Among the highlights from the 2014 vintage were the spicy 2014 Morgan “Twelve Clones” Pinot Noir ($34) and the more powerful 2014 Morgan from Garys’ Vineyard ($60); the structured yet pretty 2014 McIntyre Estate Pinot Noir ($42); and the 2014 Roar Pinot Noir from Sierra Mar Vineyard ($52), which has an attractive forest floor note.

Lucia Vineyards, a label owned by the Pisoni family, poured the lively, spicy 2014 Santa Lucia Highlands Pinot Noir ($45), as well as the 2014 from Soberanes Vineyard ($60), which has a slight floral note. The 2014 Testarossa Santa Lucia Highlands Pinot Noir ($45) is plump and lively, while the same winery’s 2014 from Dos Rubios Vineyard ($64) is more structured. The 2014 Siduri Pinot Noir from Pisoni Vineyard ($60) is a ripe, concentrated wine that dances right on the edge but retains some liveliness.

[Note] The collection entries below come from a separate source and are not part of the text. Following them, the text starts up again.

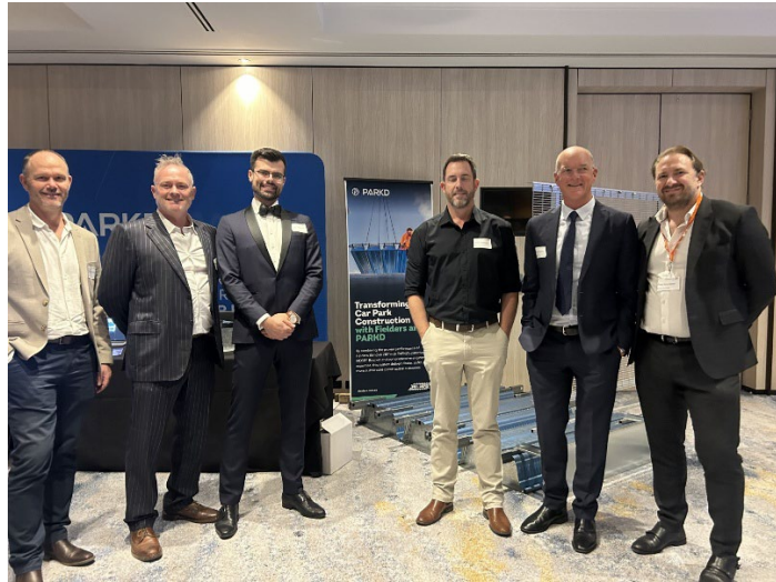
Image 2. Delta Corp, Fielders and PARKD together at CIA Trade Show
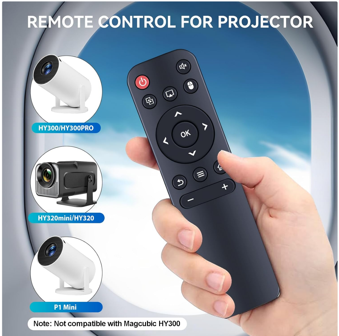
Image: The remote control displayed alongside images of compatible projectors, including HY300/HY300Pro, HY320mini/HY320, and P1 Mini, with a clear note about Magcubic HY300 incompatibility.

Important Note: This remote control is not compatible with the Magcubic HY300 projector or other brands of mini projectors not listed above. Please verify your projector model before use.
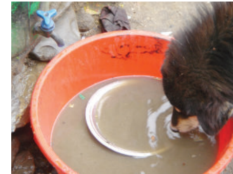
Nepal Restaurant Dishwasher "Notice the dishes and the color of the water!"

"Heal the Sick, Cleanse the Leper, Raise the Dead, Cast out Devils"
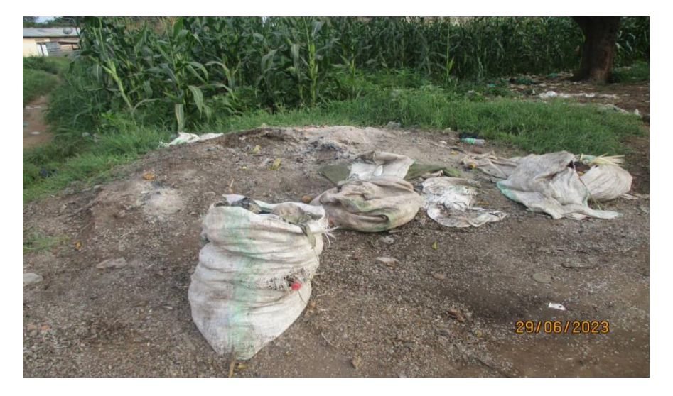
Plate 1. Poorly disposed ashes packed in gunny bags (2023)
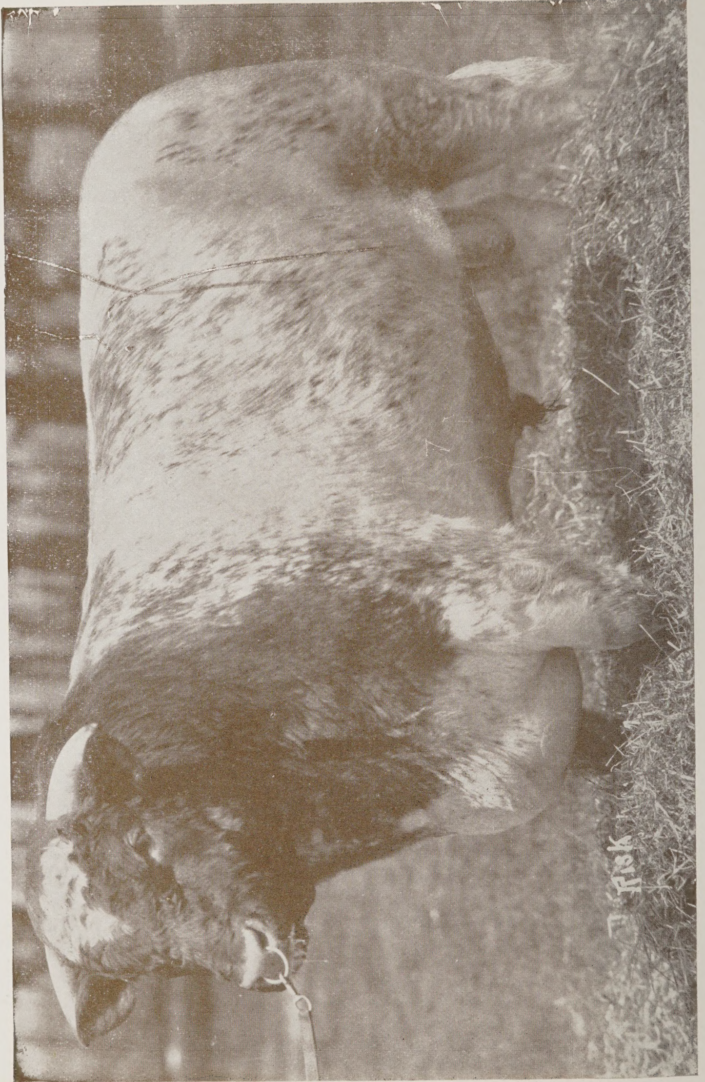
Village Supreme 423865 by Sultan Supreme by Double Dale, out of dam by Imp Villager.
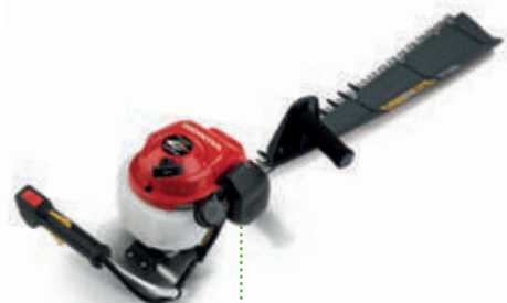
HHH 255 75 E
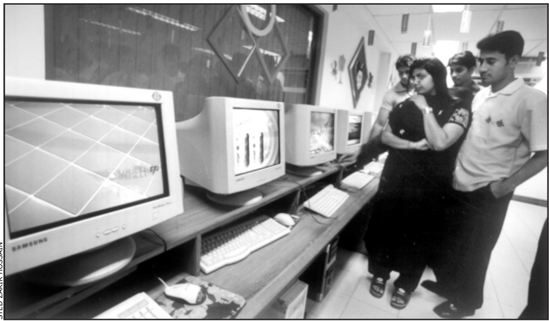
3D animations in TV commercials attracts many visitors at the fair
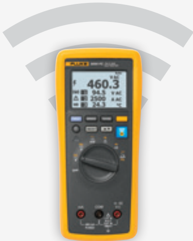
Fluke 3000 FC
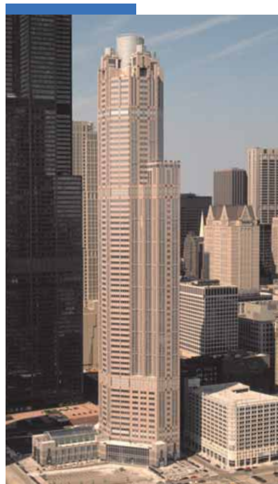
311 S. Wacker Chicago, IL

EWC24 – Premium formulation elastomeric with internally plasticized resins providing +300% elongation. Available in White, deep, and neutral bases, smooth and sand texture finishes.

A few wineries were showing 2013 pinots. The 2013 August West Santa Lucia Highlands Pinot Noir ($32) exhibited nice freshness, while the 2013 August West Pinot Noir from Peterson Vineyard ($45) added a touch of forest floor to its pretty fruit. The 2013 Wrath Pinot Noir from Boekenoogen Vineyard ($49) has ample bright fruit and a subtle leafy note, and the 2013 Wrath McIntyre Vineyard Pinot Noir ($49) is quite aromatic and supple. The 2013 Manzoni Estate Home Vineyard Pinot Noir ($35) offers bright flavors of crushed strawberry.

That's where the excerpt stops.